Entertainers and fame were the subjects of Chesnut’s earlier works, and three are shown alongside Peak and Flow. In a charcoal drawing and two photo-realistic paintings, the artist captures the moments of ecstasy and epiphany that happen when either performing or viewing art. Faces are frozen in excitement and wonder.
At first, these portraits seem far removed from the abstracts on the other side of the wall. But while the content is different, the abstracts are “metaphors for the sense of euphoria” in those earlier works, Chesnut says. Both collections capture defining "snapshot moments" — or peaks — whether they occur at a concert, in the great outdoors or in the mind. In the next instant, the song will be over, the tide will have ebbed or the star (in the headlines or in the heavens) will have faded.
Chesnut’s big “Nothing” (48-by-60 inches) wants to say something about the stars. A DayGlo pink galaxy of splattered paint twinkles against silvery-black clouds. But it’s up to the viewer to decide if there’s nothing else left to see here. One gallery patron points out to a friend the bodies that she can make out in the shadows.

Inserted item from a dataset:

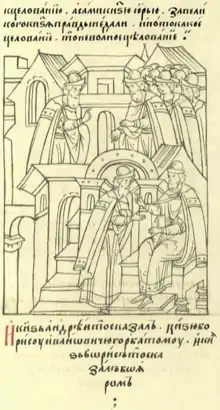 ![]() Андрей Шуйский сообщает о предложении службы от князя Юрия Ивановича Дмитровского Борису, Борис рассказывает об этом думе | |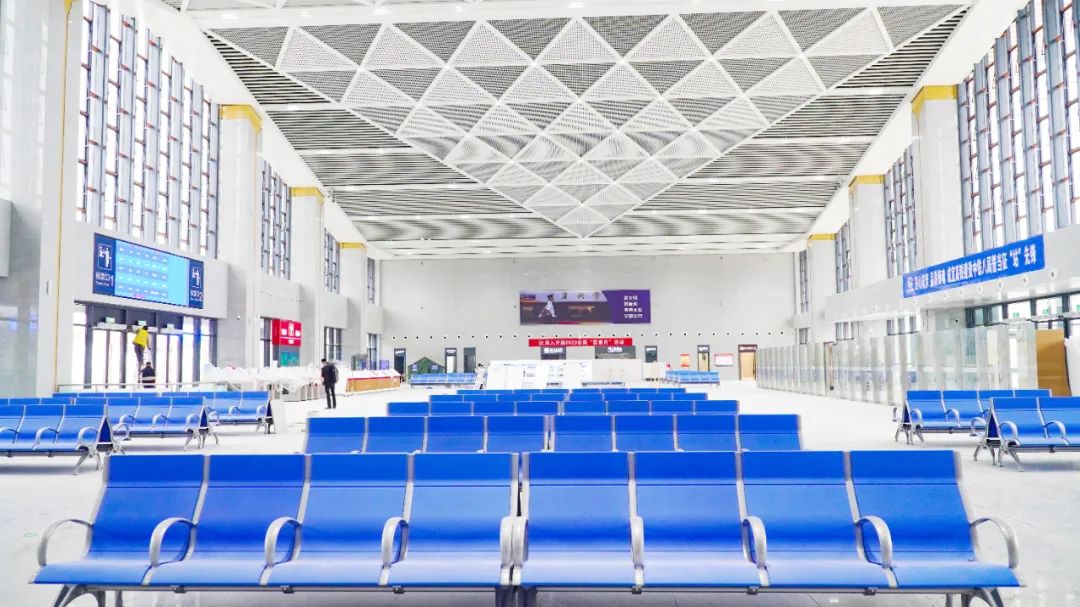 候车厅里,400余张崭新的座椅排列整齐,静候乘客的到来。

Are Chesnut’s heavenly objects on the cusp of forming something bigger, or are we watching them die out?
The beauty of abstracts is that, like (California) dreams, they are open to multiple interpretations. Chesnut’s “Reinvention,” with its vertical streaks of black, brown and white, suggests a mudslide. But pass by the painting again, especially after viewing his outer-space art, and you might think a UFO is hovering, casting its spooky glow over a stand of California redwoods.
Chesnut said he appreciates the open starkness of the Country Club loft in Oakley and the opportunity to view his works from a distance as well as up-close. Even so, an observer probably shouldn’t try to read too much into his abstracts. A couple of faint reddish-orange streams in the otherwise black-and-white “Money Shot” might suggest energy, blood or light — but the color is there, Chesnut says, just because he thought the work still needed something.
Sometimes you just have to go with the flow.